What is expected:
Your task is to give the listing below back word for word, pictures excluded.

Raw data:
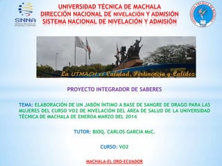 Este proyecto buscó elaborar un jabón íntimo a base de sangre de drago para las mujeres del curso VO2 de Nivelación de la Universidad Técnica de Machala, luego de evidenciar mediante encuestas que existían problemas de irritaciones vaginales. Se investigó sobre los beneficios de la sangre de drago y se formuló un jabón siguiendo un procedimiento con sustancias naturales. Las encuestas posteriores mostraron que el producto fue de agrado y no tuvo efectos secundarios.
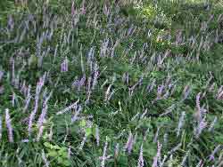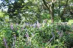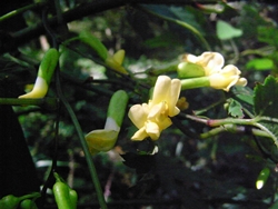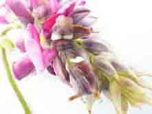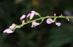花は秋に咲き、穂状花序に赤紫で甘い香りの豆の花を咲かせる。
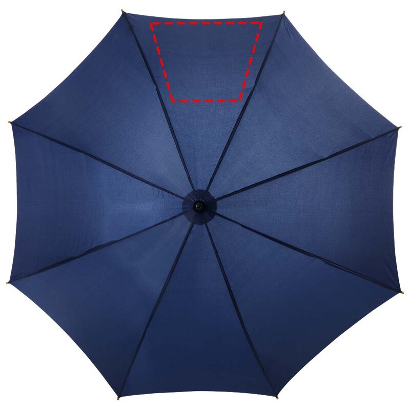 Automatický klasický deštník 23" s dřevěným kopím, dřevěnou rukojetí a kovovými žebry. Polyester.

Solution to the exercise:
 Este proyecto buscó elaborar un jabón íntimo a base de sangre de drago para las mujeres del curso VO2 de Nivelación de la Universidad Técnica de Machala, luego de evidenciar mediante encuestas que existían problemas de irritaciones vaginales. Se investigó sobre los beneficios de la sangre de drago y se formuló un jabón siguiendo un procedimiento con sustancias naturales. Las encuestas posteriores mostraron que el producto fue de agrado y no tuvo efectos secundarios.
花は秋に咲き、穂状花序に赤紫で甘い香りの豆の花を咲かせる。
 Automatický klasický deštník 23" s dřevěným kopím, dřevěnou rukojetí a kovovými žebry. Polyester.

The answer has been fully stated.